─── Data provided ───

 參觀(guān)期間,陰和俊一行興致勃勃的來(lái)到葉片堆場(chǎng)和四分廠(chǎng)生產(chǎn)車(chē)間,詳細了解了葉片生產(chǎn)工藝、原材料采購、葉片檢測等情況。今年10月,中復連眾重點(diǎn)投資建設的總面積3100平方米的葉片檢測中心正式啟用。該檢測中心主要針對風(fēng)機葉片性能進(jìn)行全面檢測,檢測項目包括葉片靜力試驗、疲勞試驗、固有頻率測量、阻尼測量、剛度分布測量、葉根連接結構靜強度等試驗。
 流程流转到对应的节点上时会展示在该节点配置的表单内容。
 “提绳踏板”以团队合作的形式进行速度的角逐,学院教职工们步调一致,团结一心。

───
─── Data provided ───

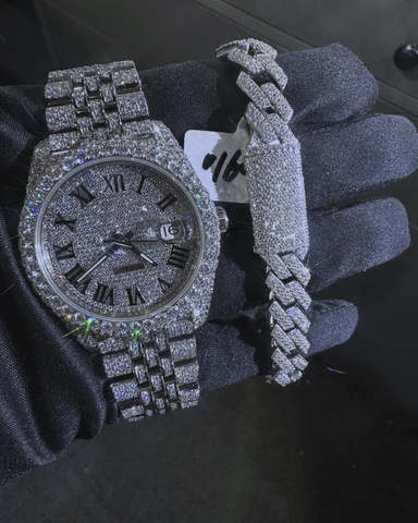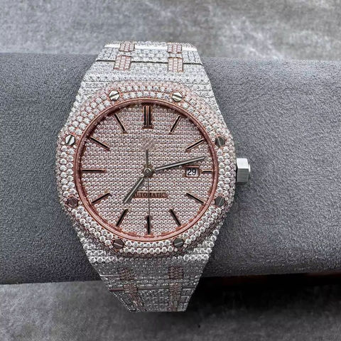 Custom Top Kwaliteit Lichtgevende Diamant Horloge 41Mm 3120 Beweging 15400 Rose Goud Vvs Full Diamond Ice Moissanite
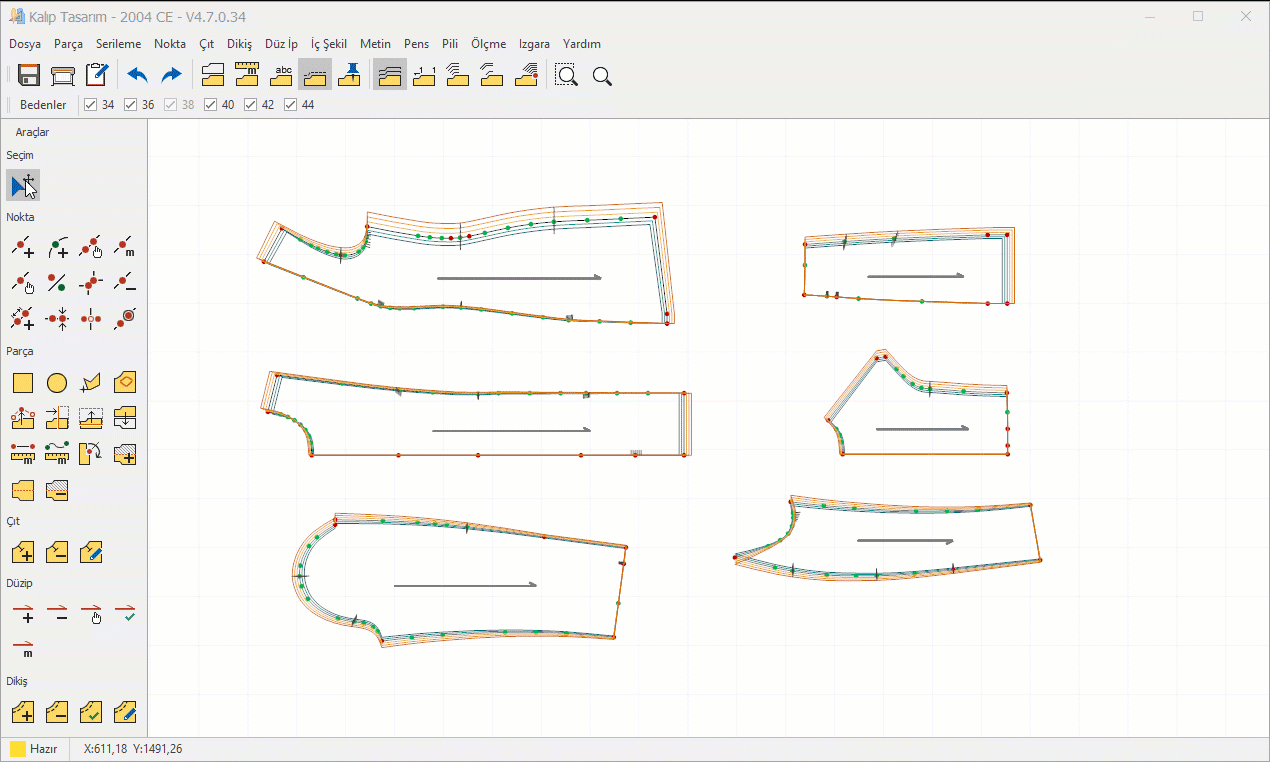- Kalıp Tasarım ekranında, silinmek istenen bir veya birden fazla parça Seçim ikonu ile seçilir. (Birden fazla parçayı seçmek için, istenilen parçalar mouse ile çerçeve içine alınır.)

───

## [Work to be completed]
Take exactly the lines from the one containing "參觀(guān)期間,陰和俊" through the one containing "流程流转到对应的节点上时会展示在该节点配置的表单内容。" in the data above, and output them with nothing added.

## [Your solution]
 參觀(guān)期間,陰和俊一行興致勃勃的來(lái)到葉片堆場(chǎng)和四分廠(chǎng)生產(chǎn)車(chē)間,詳細了解了葉片生產(chǎn)工藝、原材料采購、葉片檢測等情況。今年10月,中復連眾重點(diǎn)投資建設的總面積3100平方米的葉片檢測中心正式啟用。該檢測中心主要針對風(fēng)機葉片性能進(jìn)行全面檢測,檢測項目包括葉片靜力試驗、疲勞試驗、固有頻率測量、阻尼測量、剛度分布測量、葉根連接結構靜強度等試驗。
 流程流转到对应的节点上时会展示在该节点配置的表单内容。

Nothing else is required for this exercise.